__Work instruction__:
Only the stretch below from the line holding "The lineup is" through the line holding "Предварительная регистрация участников" should be restated, word for word and with both ends included; pictures stay out.

Stored data entries
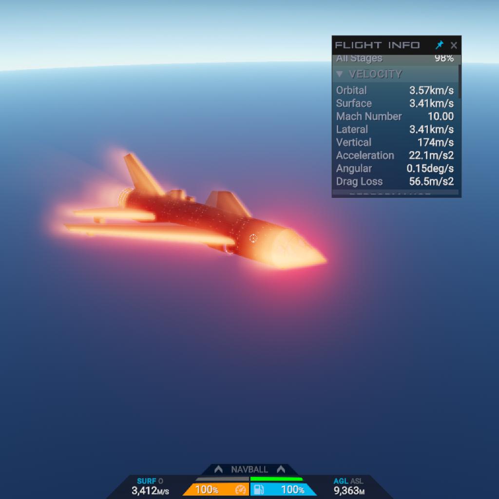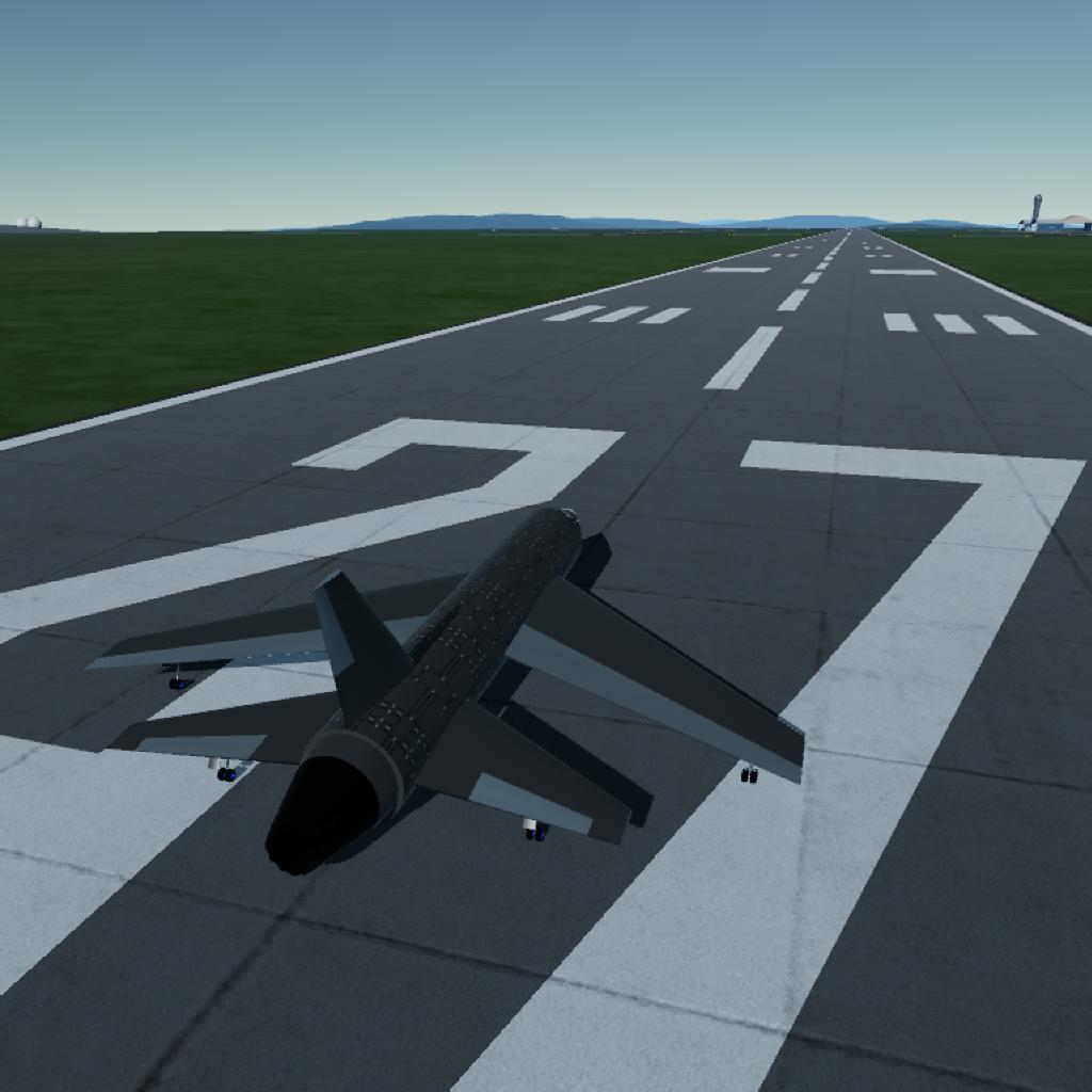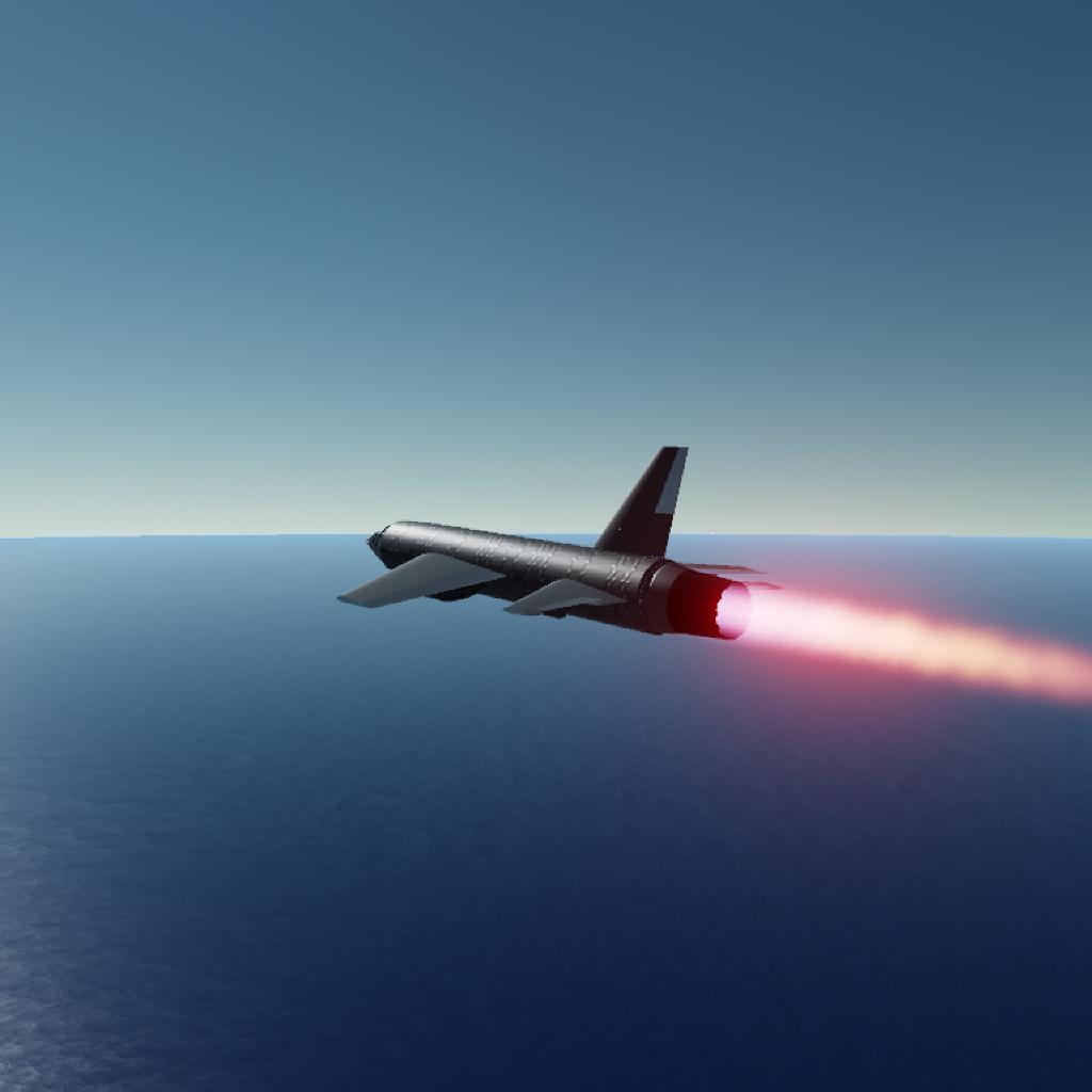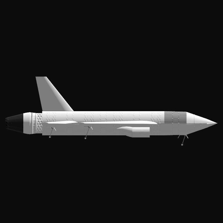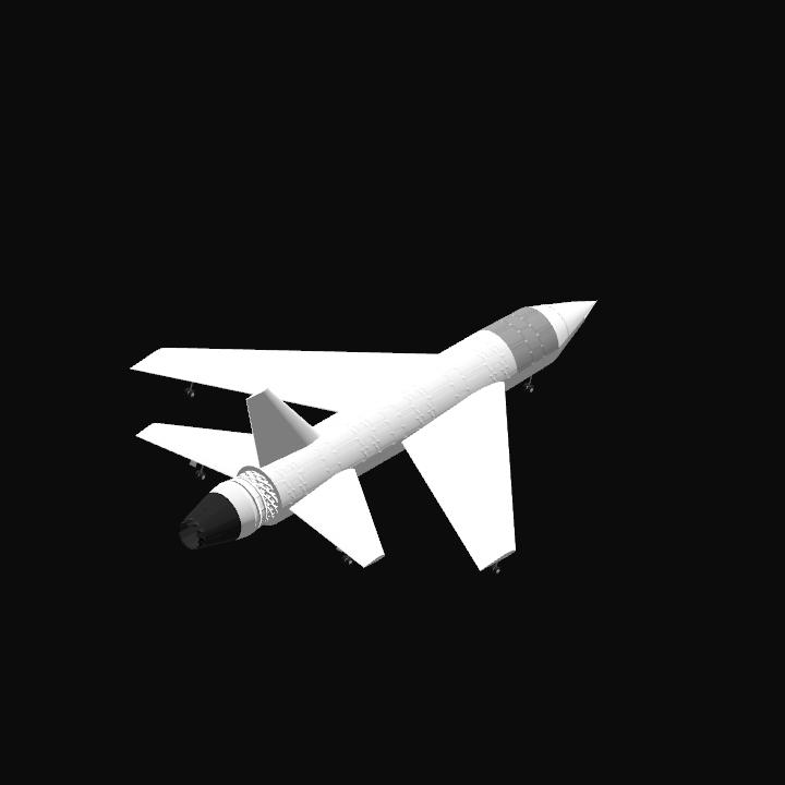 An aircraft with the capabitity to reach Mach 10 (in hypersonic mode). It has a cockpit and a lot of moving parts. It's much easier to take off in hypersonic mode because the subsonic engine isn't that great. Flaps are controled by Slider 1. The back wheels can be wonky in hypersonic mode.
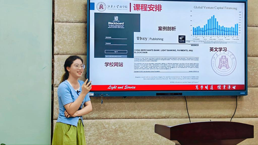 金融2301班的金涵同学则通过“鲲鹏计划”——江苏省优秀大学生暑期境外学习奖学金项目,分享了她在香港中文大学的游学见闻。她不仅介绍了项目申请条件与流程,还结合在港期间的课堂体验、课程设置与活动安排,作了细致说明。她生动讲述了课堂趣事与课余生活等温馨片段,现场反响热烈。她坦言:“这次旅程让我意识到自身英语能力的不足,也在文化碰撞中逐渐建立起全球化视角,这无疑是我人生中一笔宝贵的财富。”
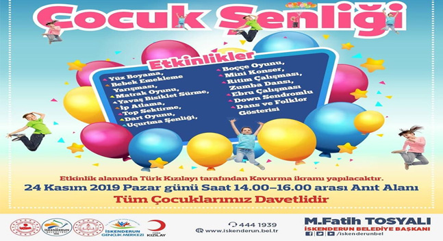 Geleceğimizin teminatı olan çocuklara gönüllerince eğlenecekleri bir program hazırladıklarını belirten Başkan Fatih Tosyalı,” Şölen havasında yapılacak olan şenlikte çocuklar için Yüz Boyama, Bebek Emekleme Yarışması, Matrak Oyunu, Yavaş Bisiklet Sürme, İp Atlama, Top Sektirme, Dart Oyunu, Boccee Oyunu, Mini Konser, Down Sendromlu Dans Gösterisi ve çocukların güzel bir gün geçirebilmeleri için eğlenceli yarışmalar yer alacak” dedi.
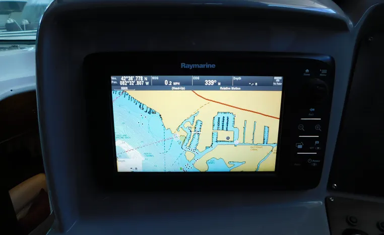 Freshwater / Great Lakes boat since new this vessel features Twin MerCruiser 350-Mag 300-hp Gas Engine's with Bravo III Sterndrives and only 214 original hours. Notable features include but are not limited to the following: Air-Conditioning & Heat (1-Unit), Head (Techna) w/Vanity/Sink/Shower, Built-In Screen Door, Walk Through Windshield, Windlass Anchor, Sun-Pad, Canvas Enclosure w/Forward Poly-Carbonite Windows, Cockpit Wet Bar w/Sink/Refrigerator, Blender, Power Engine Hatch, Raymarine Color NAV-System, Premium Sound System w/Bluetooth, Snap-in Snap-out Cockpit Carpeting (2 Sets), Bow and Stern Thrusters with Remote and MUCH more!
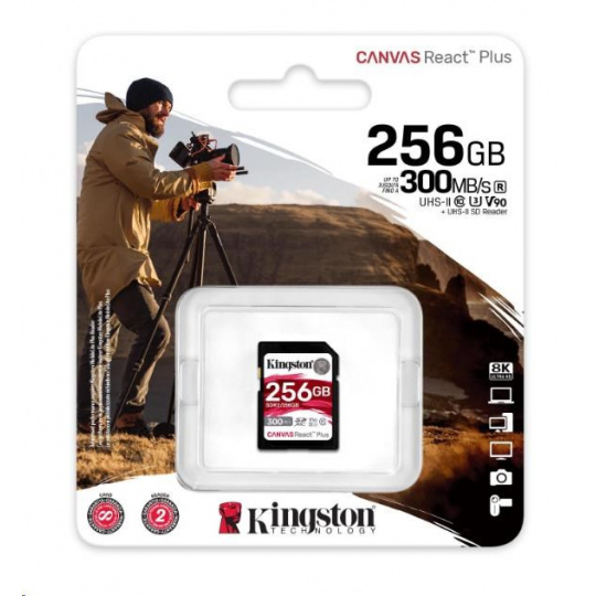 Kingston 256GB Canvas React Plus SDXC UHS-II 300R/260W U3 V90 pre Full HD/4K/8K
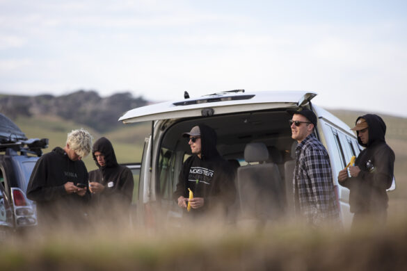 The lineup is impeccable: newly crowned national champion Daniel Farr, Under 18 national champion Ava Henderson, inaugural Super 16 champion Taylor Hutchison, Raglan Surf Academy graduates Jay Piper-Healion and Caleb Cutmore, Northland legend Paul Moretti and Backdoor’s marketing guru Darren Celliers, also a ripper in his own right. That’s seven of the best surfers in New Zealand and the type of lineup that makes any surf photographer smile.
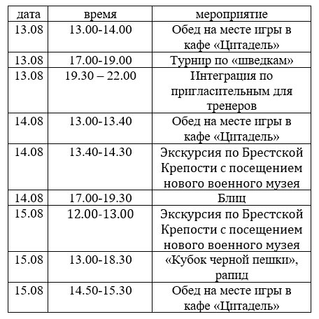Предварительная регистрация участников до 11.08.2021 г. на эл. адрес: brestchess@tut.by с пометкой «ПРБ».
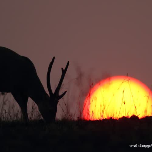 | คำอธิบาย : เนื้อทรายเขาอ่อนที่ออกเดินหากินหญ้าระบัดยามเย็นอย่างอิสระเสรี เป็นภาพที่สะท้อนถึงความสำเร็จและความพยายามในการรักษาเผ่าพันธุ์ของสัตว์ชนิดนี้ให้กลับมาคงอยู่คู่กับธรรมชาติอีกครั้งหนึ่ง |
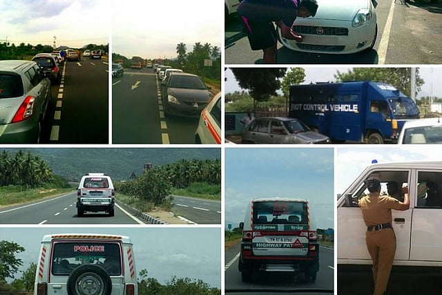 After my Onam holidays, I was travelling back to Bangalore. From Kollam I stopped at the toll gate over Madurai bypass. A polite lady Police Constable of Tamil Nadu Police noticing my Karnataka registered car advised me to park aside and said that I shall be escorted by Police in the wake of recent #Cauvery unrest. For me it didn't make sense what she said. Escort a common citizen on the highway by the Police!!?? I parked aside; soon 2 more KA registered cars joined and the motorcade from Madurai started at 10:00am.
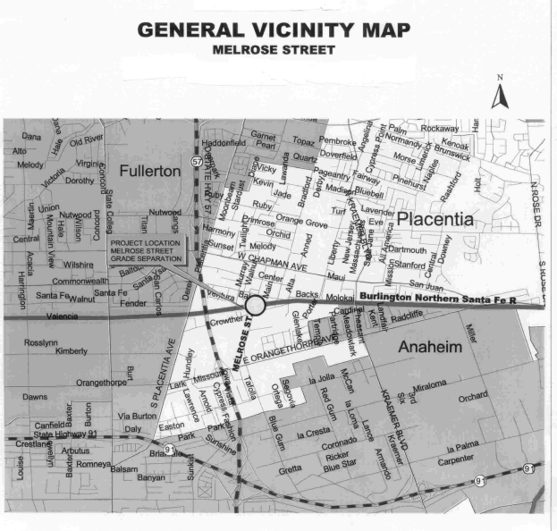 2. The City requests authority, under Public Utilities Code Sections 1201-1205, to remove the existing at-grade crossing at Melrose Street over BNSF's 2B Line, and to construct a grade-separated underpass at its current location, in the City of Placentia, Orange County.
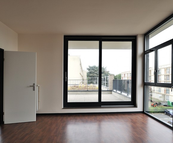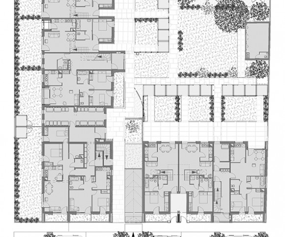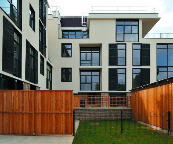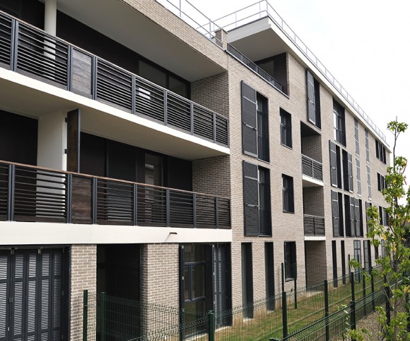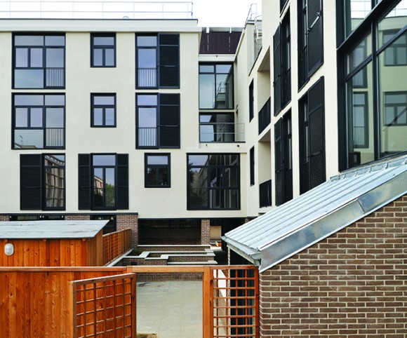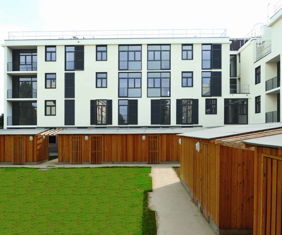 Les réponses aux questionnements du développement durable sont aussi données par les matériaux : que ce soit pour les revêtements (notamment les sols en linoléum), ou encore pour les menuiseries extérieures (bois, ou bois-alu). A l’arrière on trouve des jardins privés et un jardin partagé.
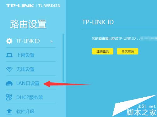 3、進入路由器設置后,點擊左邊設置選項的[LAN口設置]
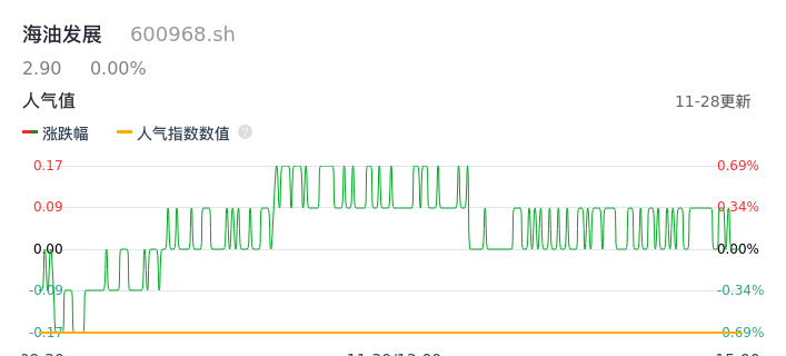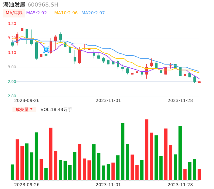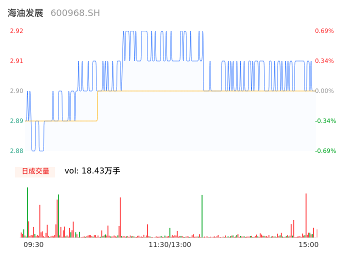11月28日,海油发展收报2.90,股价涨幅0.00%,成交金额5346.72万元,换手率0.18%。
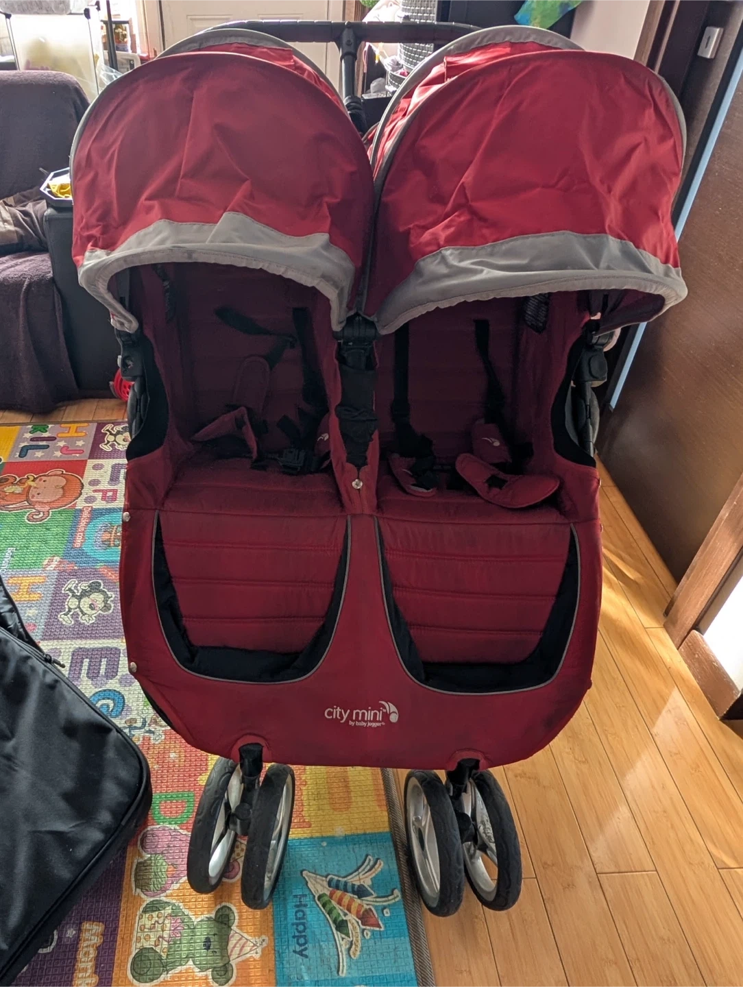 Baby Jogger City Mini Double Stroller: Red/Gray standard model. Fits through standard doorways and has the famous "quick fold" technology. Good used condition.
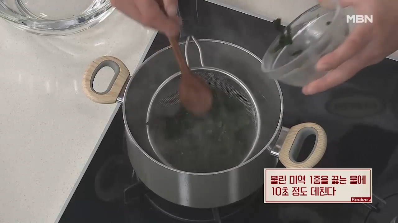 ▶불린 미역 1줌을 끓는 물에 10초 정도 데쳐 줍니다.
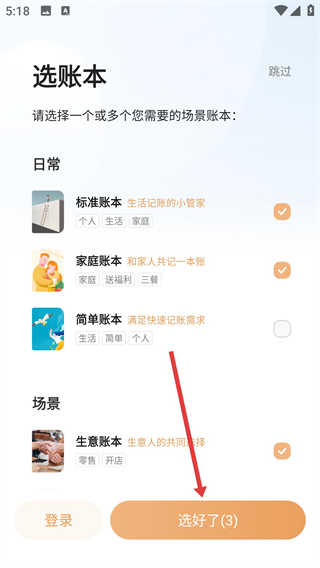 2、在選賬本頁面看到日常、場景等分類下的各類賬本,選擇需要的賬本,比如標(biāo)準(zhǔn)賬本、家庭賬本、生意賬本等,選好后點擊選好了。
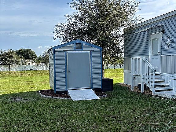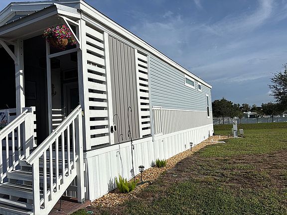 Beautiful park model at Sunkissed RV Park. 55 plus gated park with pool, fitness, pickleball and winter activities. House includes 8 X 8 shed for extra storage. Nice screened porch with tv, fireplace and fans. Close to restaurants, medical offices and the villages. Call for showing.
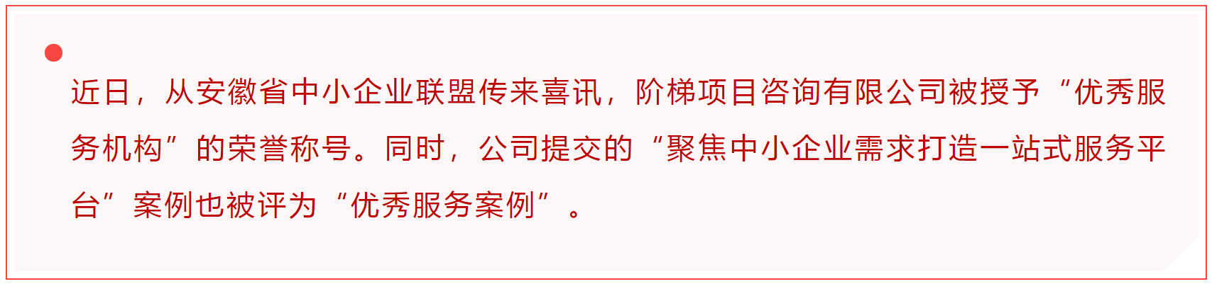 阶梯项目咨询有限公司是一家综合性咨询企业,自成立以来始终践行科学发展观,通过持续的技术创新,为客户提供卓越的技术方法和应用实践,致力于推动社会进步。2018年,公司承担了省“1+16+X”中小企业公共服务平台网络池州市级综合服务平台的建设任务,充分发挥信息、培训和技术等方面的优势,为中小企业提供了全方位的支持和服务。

__Exercise answer__:
 The lineup is impeccable: newly crowned national champion Daniel Farr, Under 18 national champion Ava Henderson, inaugural Super 16 champion Taylor Hutchison, Raglan Surf Academy graduates Jay Piper-Healion and Caleb Cutmore, Northland legend Paul Moretti and Backdoor’s marketing guru Darren Celliers, also a ripper in his own right. That’s seven of the best surfers in New Zealand and the type of lineup that makes any surf photographer smile.
Предварительная регистрация участников до 11.08.2021 г. на эл. адрес: brestchess@tut.by с пометкой «ПРБ».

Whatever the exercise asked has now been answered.